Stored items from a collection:
════════════════════
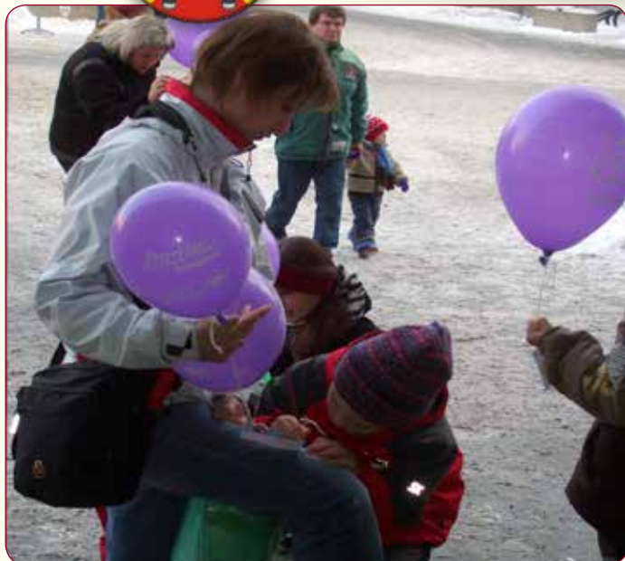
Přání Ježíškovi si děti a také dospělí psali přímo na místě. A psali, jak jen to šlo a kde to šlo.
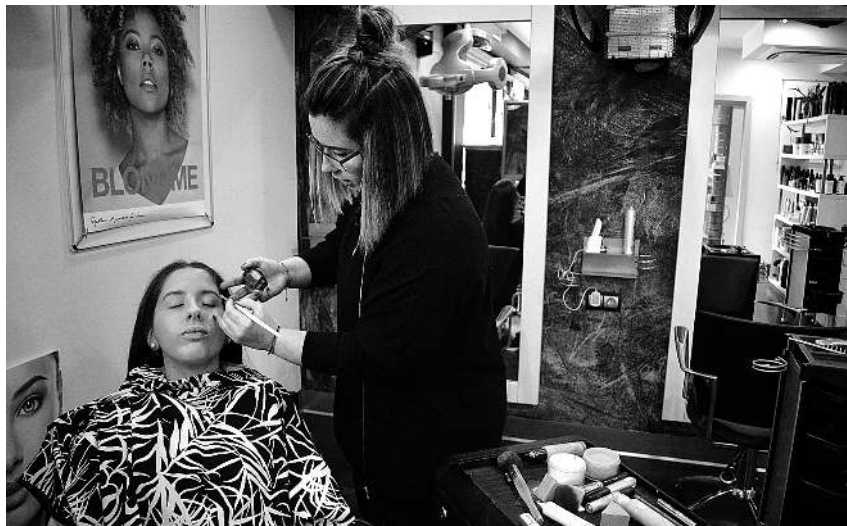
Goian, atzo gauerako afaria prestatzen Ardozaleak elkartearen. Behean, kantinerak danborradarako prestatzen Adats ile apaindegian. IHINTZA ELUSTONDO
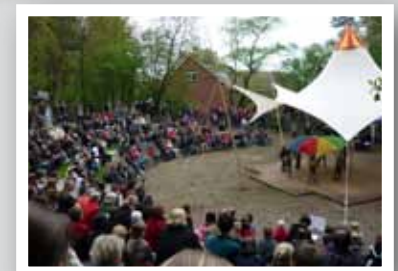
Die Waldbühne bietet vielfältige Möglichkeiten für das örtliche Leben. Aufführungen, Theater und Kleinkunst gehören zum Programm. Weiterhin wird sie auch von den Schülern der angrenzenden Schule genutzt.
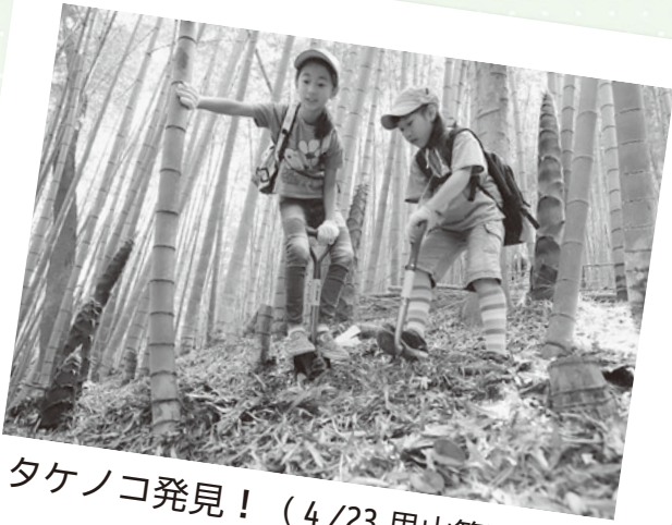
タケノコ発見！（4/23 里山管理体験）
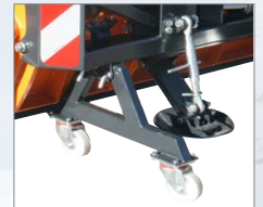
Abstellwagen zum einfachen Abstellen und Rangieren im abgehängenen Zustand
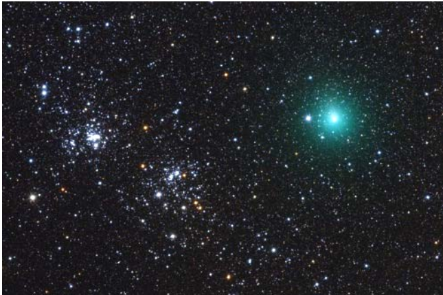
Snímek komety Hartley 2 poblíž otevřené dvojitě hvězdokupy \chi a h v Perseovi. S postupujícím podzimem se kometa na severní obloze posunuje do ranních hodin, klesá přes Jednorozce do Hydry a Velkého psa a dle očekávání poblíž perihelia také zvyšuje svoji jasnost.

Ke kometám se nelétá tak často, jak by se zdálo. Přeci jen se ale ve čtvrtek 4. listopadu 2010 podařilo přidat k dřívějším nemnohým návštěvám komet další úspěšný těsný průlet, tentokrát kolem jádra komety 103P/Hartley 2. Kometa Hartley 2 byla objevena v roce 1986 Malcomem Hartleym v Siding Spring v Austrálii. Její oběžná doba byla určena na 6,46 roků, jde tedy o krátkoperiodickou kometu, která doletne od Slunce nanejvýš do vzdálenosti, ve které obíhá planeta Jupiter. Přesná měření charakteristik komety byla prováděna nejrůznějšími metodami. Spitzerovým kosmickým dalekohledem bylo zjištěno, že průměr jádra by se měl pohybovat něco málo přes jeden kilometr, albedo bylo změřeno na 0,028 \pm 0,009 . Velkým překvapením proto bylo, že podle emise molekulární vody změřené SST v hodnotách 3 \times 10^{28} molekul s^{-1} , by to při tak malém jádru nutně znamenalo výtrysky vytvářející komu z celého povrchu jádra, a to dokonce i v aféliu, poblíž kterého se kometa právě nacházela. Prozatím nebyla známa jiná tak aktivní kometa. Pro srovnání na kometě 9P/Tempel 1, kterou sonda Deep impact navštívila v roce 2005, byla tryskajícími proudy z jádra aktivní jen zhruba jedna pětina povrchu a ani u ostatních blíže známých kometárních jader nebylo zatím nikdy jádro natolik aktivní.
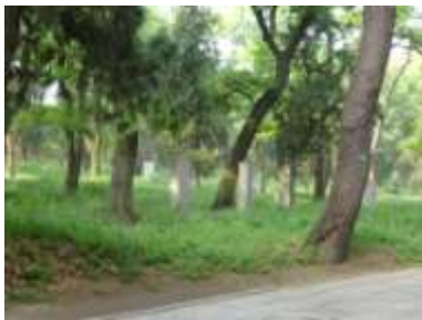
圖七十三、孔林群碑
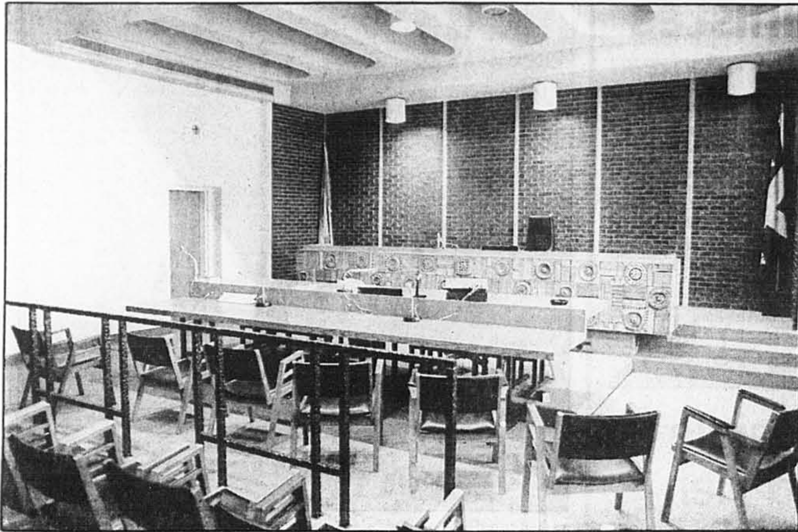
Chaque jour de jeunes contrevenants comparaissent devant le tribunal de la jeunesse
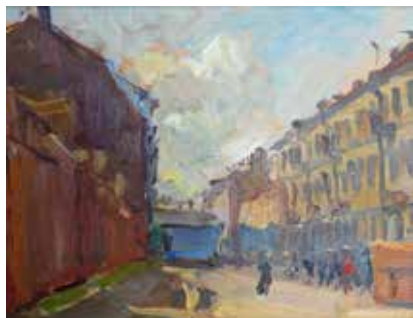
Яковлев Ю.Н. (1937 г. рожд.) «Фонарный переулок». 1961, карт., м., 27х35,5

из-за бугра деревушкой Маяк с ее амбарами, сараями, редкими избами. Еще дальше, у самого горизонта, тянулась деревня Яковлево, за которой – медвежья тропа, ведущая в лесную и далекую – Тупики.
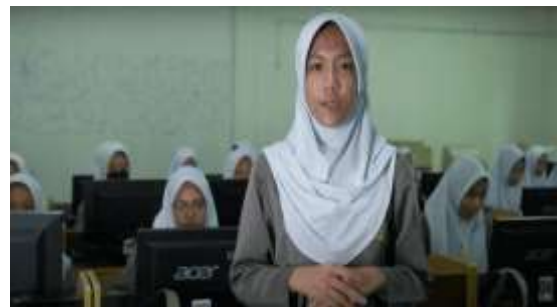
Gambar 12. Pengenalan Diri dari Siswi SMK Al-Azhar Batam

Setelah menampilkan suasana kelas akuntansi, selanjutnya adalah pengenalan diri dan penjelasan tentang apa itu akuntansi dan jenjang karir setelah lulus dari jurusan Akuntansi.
════════════════════
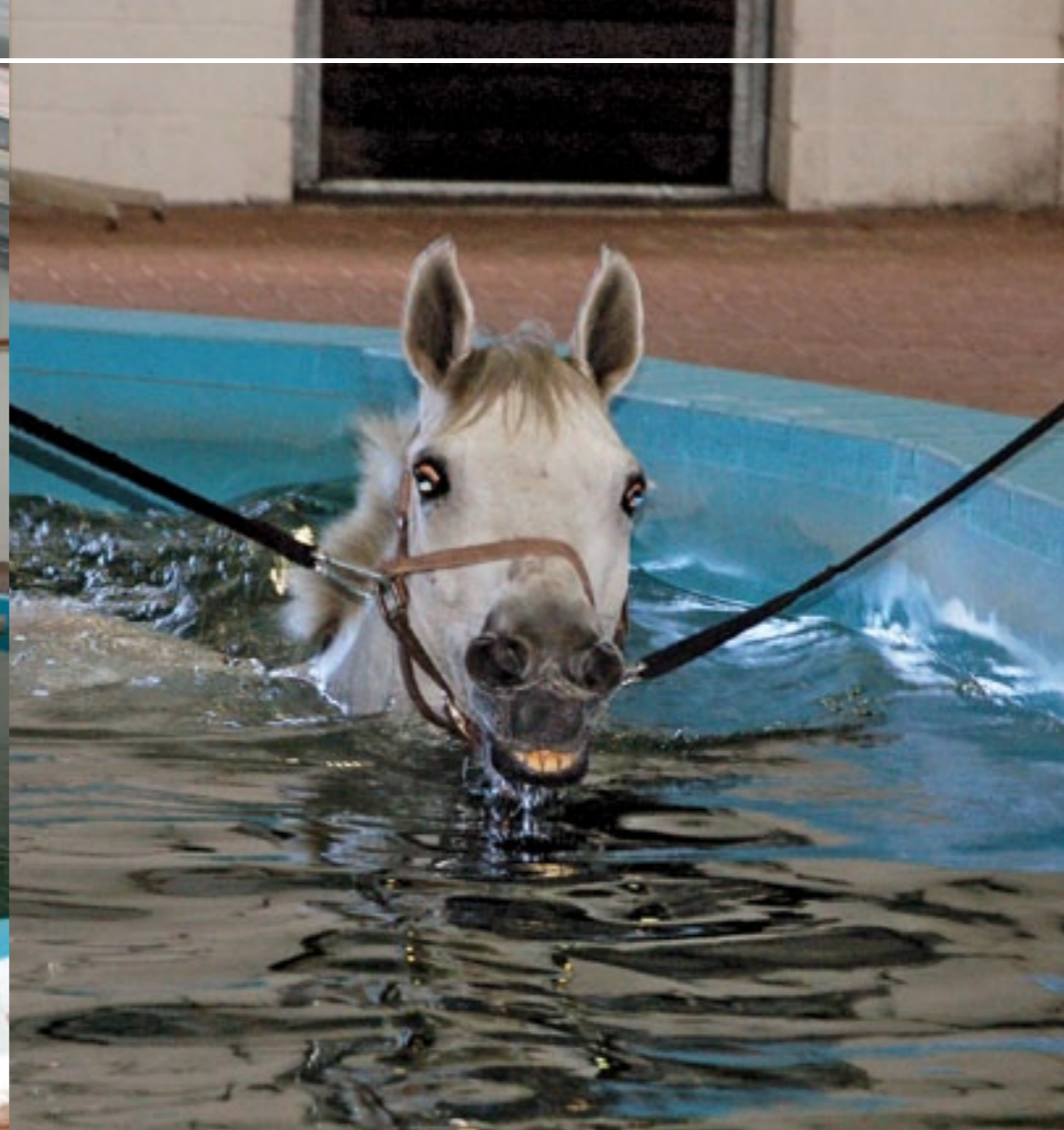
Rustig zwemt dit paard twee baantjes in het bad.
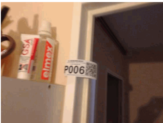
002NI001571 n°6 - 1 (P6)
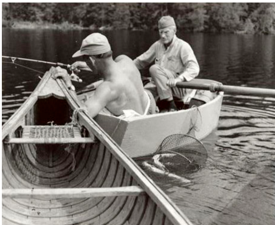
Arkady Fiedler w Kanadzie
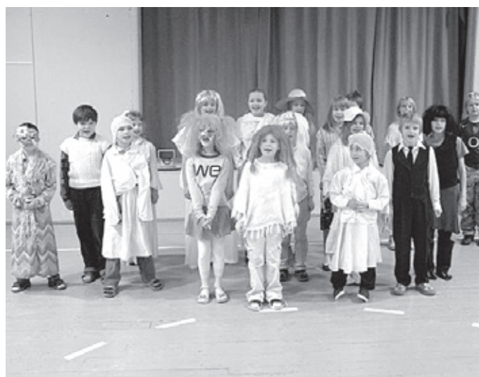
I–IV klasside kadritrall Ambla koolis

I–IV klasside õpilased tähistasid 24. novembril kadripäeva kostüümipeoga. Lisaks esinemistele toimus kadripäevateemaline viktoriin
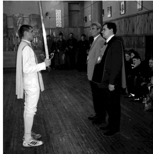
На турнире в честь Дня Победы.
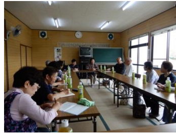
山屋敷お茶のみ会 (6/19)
════════════════════
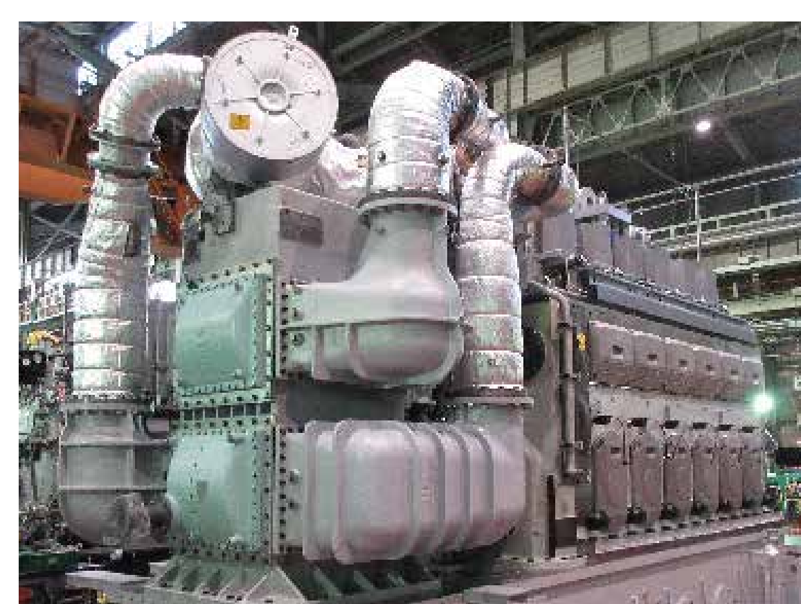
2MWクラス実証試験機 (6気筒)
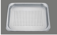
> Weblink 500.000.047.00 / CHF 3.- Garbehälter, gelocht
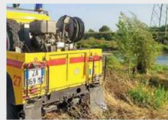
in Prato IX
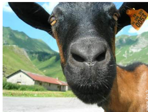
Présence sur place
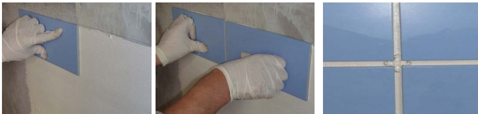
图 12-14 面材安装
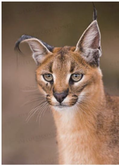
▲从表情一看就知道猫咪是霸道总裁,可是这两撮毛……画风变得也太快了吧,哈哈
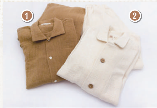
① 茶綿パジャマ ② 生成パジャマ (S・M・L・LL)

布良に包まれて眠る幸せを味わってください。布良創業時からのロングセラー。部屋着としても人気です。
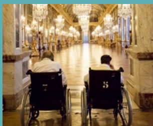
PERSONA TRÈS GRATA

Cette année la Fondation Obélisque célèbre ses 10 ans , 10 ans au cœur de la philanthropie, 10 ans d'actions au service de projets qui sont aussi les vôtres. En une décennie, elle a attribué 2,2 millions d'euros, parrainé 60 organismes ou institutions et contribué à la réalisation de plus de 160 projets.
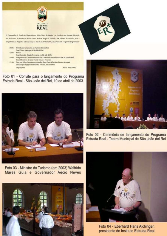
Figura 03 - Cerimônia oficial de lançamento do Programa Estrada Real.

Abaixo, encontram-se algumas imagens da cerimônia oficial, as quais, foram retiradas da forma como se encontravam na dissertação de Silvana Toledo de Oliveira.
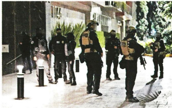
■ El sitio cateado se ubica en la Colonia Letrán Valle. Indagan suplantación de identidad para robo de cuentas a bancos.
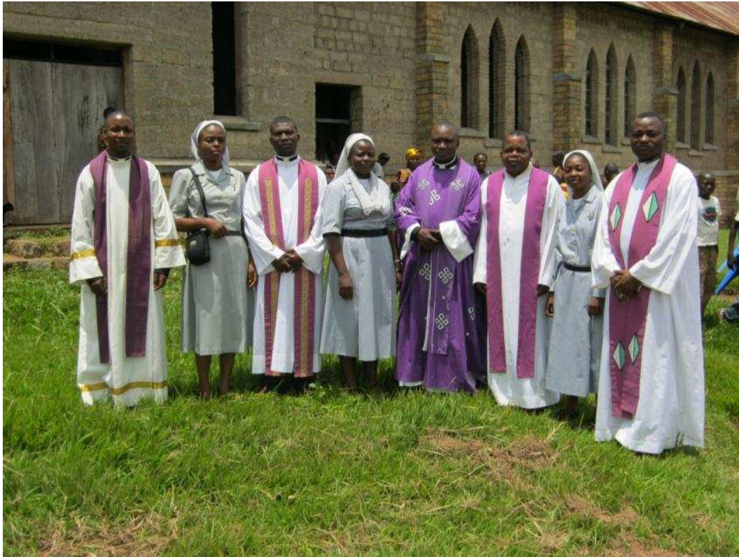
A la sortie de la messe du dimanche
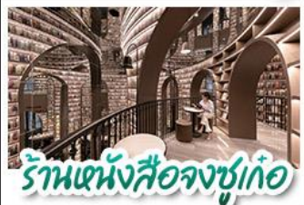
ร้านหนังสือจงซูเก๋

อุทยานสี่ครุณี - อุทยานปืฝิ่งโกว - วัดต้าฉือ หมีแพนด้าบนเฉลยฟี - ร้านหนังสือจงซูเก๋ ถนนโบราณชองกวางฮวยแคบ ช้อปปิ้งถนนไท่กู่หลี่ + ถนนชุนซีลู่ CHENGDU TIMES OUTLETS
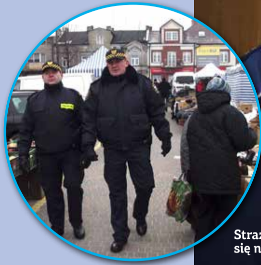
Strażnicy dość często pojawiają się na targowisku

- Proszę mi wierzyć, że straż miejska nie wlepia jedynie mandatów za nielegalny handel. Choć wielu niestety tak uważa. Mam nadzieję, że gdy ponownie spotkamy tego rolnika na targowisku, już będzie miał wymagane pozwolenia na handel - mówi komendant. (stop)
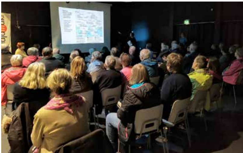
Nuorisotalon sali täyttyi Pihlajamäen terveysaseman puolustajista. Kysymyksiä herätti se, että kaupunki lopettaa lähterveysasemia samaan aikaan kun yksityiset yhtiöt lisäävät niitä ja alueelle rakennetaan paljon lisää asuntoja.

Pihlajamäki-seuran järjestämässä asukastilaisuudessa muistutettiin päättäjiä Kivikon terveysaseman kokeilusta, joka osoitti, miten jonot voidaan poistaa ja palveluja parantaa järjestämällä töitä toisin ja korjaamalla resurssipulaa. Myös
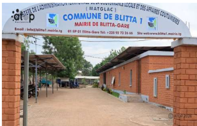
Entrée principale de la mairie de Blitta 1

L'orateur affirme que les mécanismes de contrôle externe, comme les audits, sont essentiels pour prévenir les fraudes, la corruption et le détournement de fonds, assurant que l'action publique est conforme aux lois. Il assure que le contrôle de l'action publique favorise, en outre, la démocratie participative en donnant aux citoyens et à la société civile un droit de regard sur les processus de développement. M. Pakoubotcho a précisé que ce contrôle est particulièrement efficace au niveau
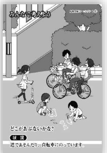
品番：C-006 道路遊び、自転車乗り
════════════════════
Tally the lines of the records holding the word "dari", then give only the resulting number.

Solution to the problem>
2